Tuesday, April 16, 2019

R&G in CNY

The occasion of Record Store Day 2019 found me making a trip eastward to revisit the CNY Playhouse.  (Foul!  No non sequiturs.)  Last year it was their production of Hamlet.  (See 5/23/18 post.)  This year it was their production of Rosencrantz & Guildenstern Are Dead.  Unlike its predecessor, however, this year's attempt was not nearly as fulfilling.

My opening salvo in last year's review was regarding the venue.  The Shoppingtown Mall was even more deserted than it had been previously.  In fact, as I walked through it before the theatre doors opened, I discovered entire corridors devoid of stores and people.  It was a tad unsettling to say the least.  At least the bird droppings of last year had been cleaned up.

Part of the interest in seeing R&G live for the third time was to see how it would be handled vis a vis its Shakespearean counterpart.  The other times I had encountered R&G, in Oswego and Rochester, it was a part of repertory production.  As such, the casts and sets were similar.  With a one-year separation between CNY's shows, I wondered if this would be the case here.  It was not.  The set consisted of a largely bare stage with a stylishly torn curtain at the back and three large trunks/boxes at each side.  While a few of the actors had appeared in last year's production (with the director of R&G having played Rosencrantz), none were reprising their previous roles.  So this was an entirely separate work.

After pre-show audio consisting of a looped recording of ambient music and an actor speaking "The time is out of joint," the show began with our protagonists on stage, tossing coins.  Their costumes were modern items coordinated to look period--unremarkably adequate.  Unfortunately, the same could be said of the performances of Rosencrantz and Guildenstern.  The actors expressed good diction and generally were in command of their lines, with only a few stumbles noted.  As characters, though, they were unremarkably adequate; not bothersome, but not terribly interesting either.  The witticism for which the original play is noted became a casualty of the tepid delivery.  Yet, these roles were the highlight of the evening.

The remaining performances ranged from unpleasant to awful.  The Player was simply boring.  The direction called for the Hamlet roles to be performed as egregious slapstick, a decision that was questionable at best.  Claudius, for instance, ended up with lipstick on the right side of his head after a kiss from a slobberingly sottish Gertrude, and the lipstick remained for the evening.  The portrayal of Hamlet was dreadfully overdone.  Polonius, in a cheap-looking silvery-white wig, delivered most of his lines with his eyes closed, as if he could not bear to look.  I could not blame him on that count.  For a play that is reputed to be comedic, there was hardly any legitimate humor evident.  The actors merely chewed the scenery, and badly.  It was telling that the most audible laughter came from the rear of the house, where the crew were stationed.

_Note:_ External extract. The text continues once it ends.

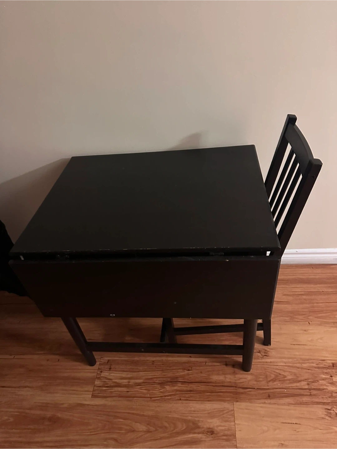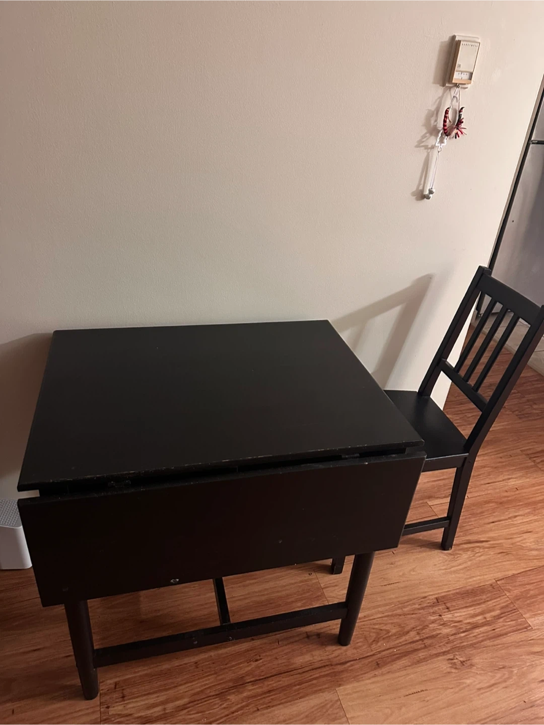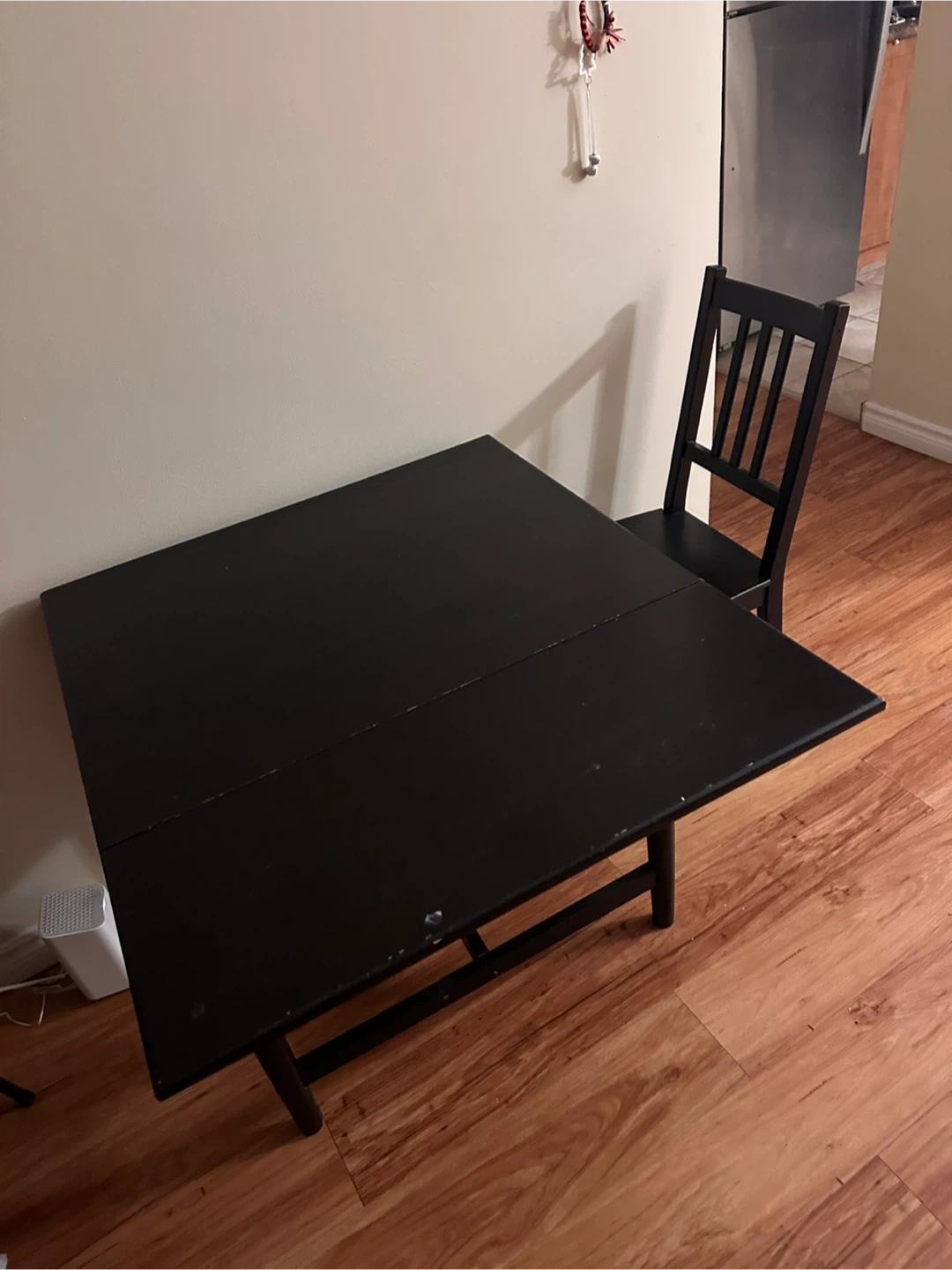 This black drop-leaf table and chair set is perfect for smaller spaces. It's made of wood and offers a convenient dining or workspace solution. The table's sides can be folded down to save room when not in use.

The play was performed with one intermission.  The first intermission in Stoppard's original script was handled as a fade to black with some Hamlet lines piped in over the sound system.  The lights came up and went into the playwright's Act II.  The intermission in the CNY production came within Stoppard's Act II, at the blackout following the mock death scene and Guildenstern's speech about acting death.  It was roughly 90 minutes after the show had begun, although it had felt much longer.

The intermission usually provides the audience a chance to stretch, to refresh, and to reset itself for what is to come.  In this case and for this author, it was a chance to escape.  The realization that at least another hour remained of the advertised running time was too much to bear.  There was nothing about Act I that caused me to care in the least what happened to the characters.  The time would be (and was) much better spent in heading for home.

So I have no idea how this production of R&G ended.  Did our protagonists manage to avoid their title fate or did they lose their heads?  Did it really matter?  In my estimation, not particularly.  To borrow a phrase from the Ambassador, who may or may not have appeared the end of the play, the sight was dismal.